+++ Information supplied +++
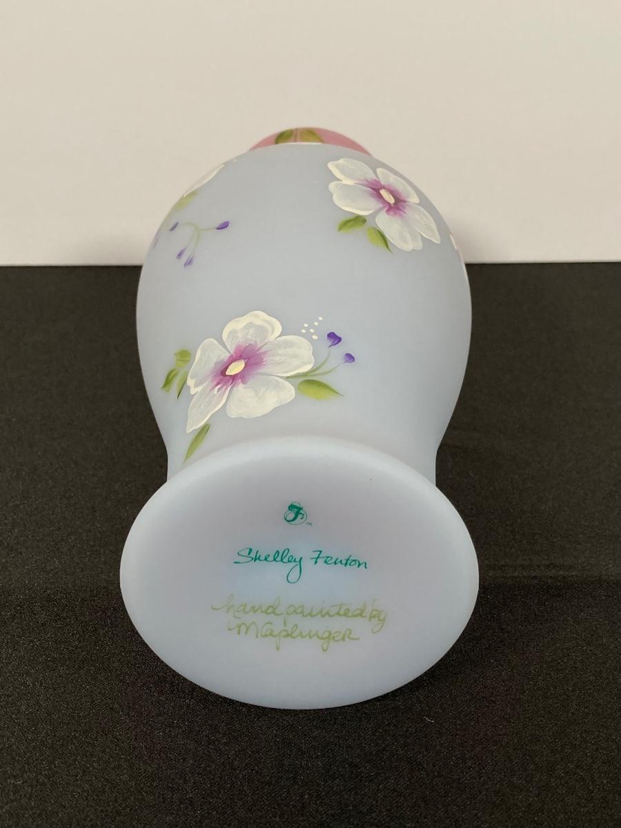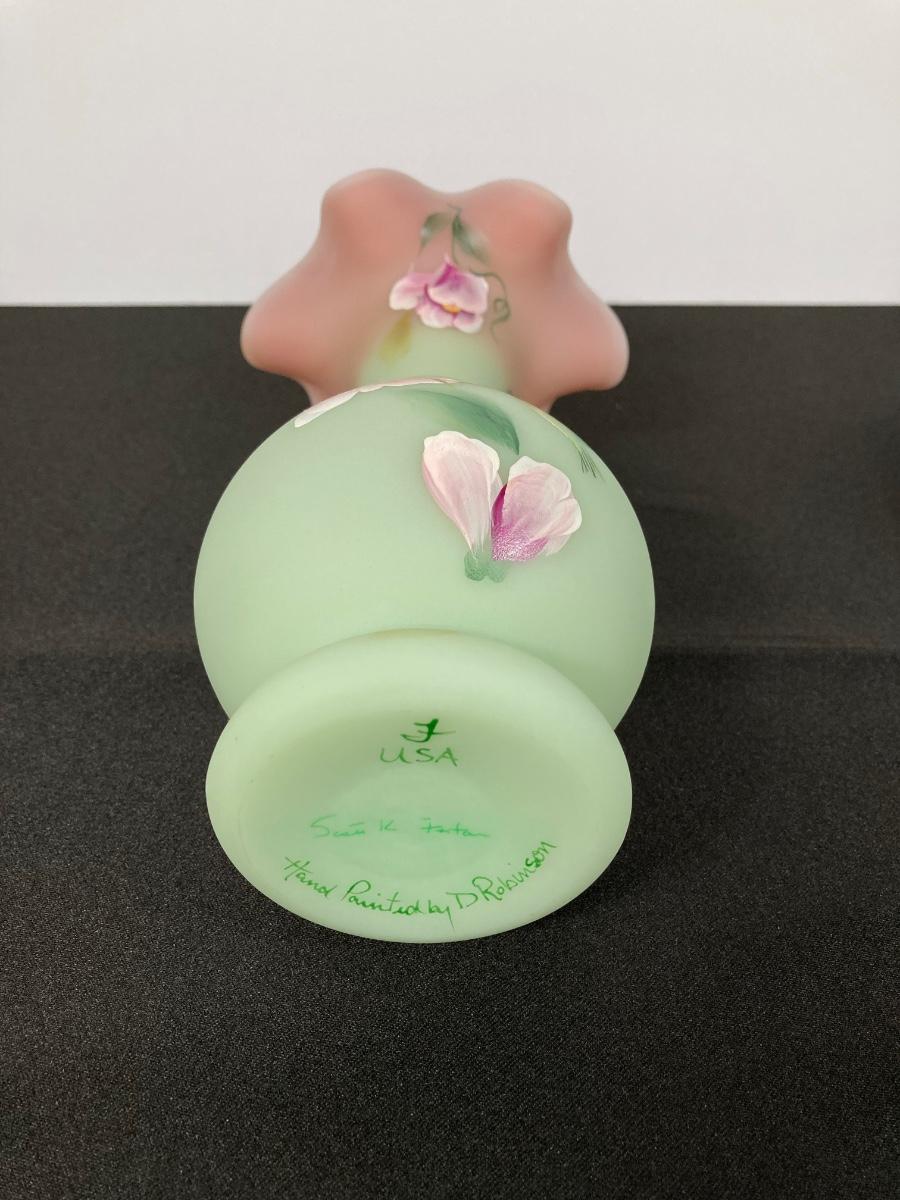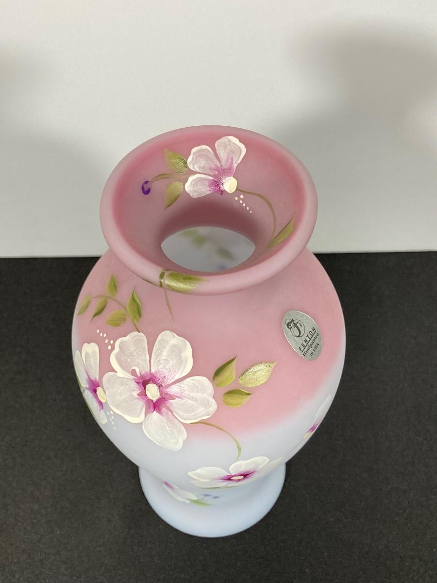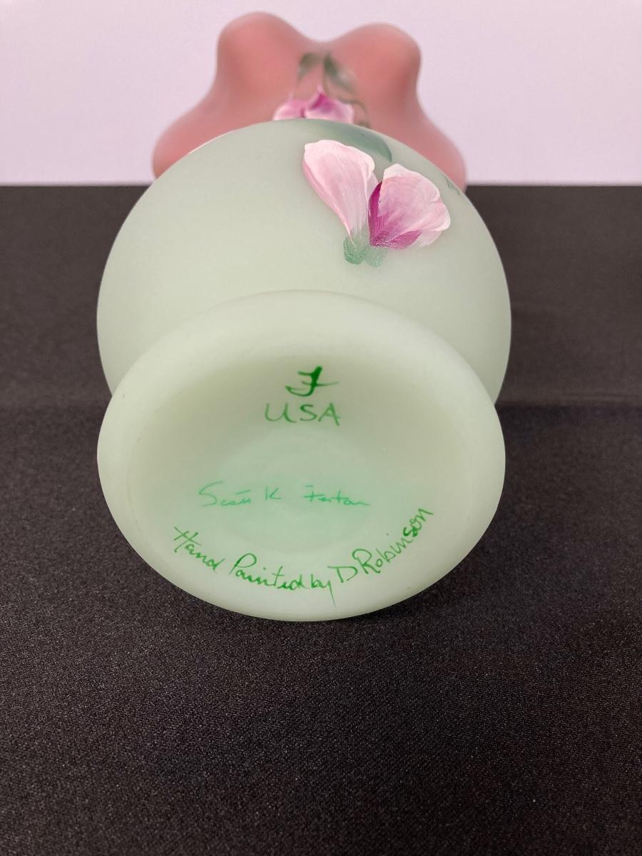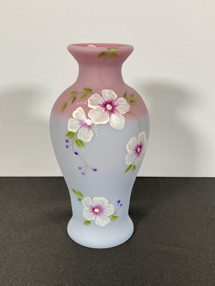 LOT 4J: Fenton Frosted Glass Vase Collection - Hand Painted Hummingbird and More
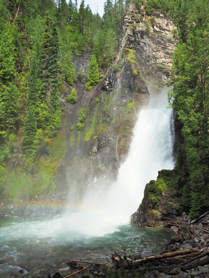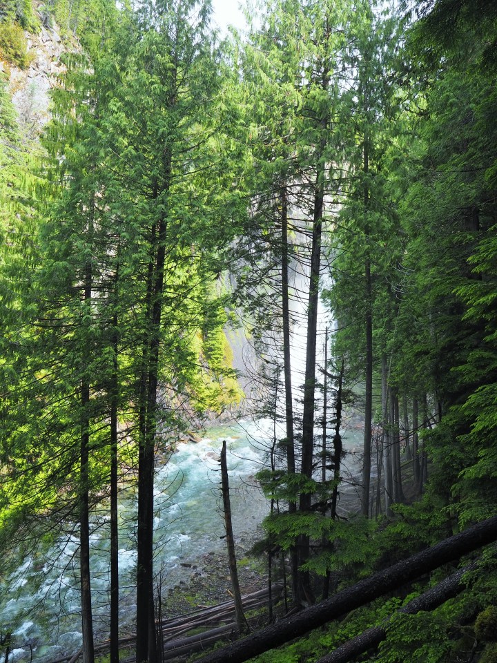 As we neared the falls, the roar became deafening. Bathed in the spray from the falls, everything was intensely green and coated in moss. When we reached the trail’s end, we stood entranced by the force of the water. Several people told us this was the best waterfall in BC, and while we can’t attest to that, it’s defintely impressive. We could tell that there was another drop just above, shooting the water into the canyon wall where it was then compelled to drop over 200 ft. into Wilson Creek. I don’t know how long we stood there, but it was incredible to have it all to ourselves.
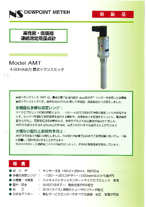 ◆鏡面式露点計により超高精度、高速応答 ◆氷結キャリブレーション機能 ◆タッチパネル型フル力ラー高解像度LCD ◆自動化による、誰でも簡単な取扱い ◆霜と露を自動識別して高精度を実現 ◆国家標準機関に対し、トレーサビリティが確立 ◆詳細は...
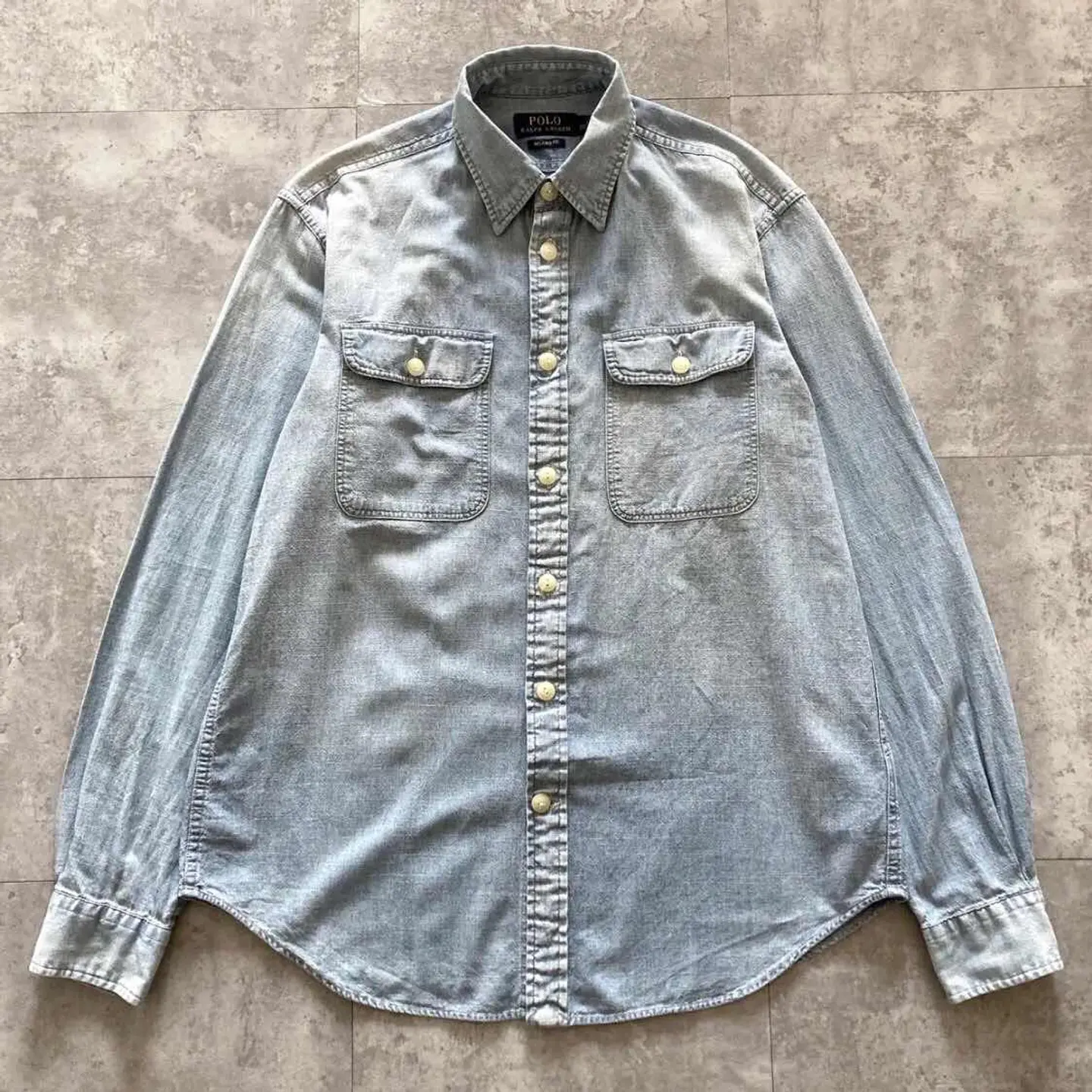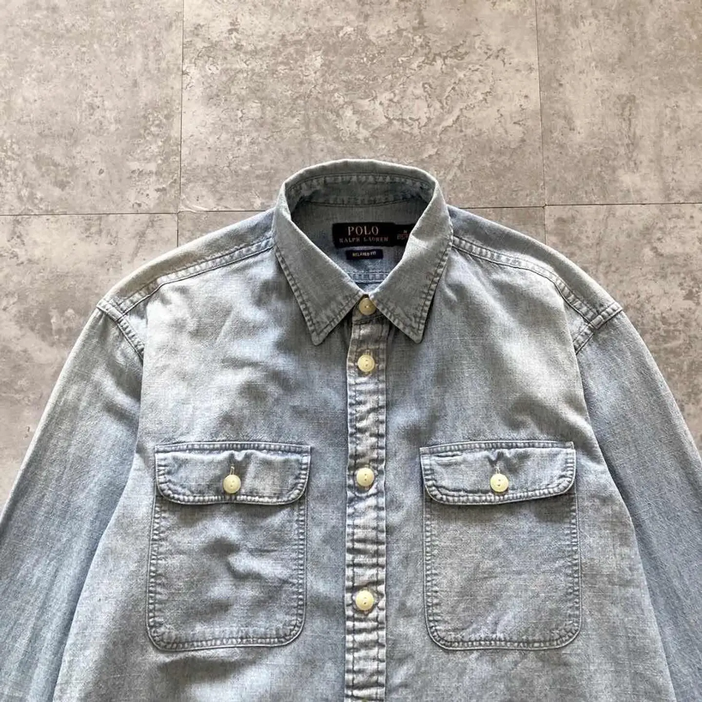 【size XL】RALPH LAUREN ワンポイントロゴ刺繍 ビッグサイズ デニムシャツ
+++
= Problem requirements =
The reply should contain every line of the material exactly, and no images.

= Response to this task =
 LOT 4J: Fenton Frosted Glass Vase Collection - Hand Painted Hummingbird and More
 As we neared the falls, the roar became deafening. Bathed in the spray from the falls, everything was intensely green and coated in moss. When we reached the trail’s end, we stood entranced by the force of the water. Several people told us this was the best waterfall in BC, and while we can’t attest to that, it’s defintely impressive. We could tell that there was another drop just above, shooting the water into the canyon wall where it was then compelled to drop over 200 ft. into Wilson Creek. I don’t know how long we stood there, but it was incredible to have it all to ourselves.
 ◆鏡面式露点計により超高精度、高速応答 ◆氷結キャリブレーション機能 ◆タッチパネル型フル力ラー高解像度LCD ◆自動化による、誰でも簡単な取扱い ◆霜と露を自動識別して高精度を実現 ◆国家標準機関に対し、トレーサビリティが確立 ◆詳細は...
 【size XL】RALPH LAUREN ワンポイントロゴ刺繍 ビッグサイズ デニムシャツ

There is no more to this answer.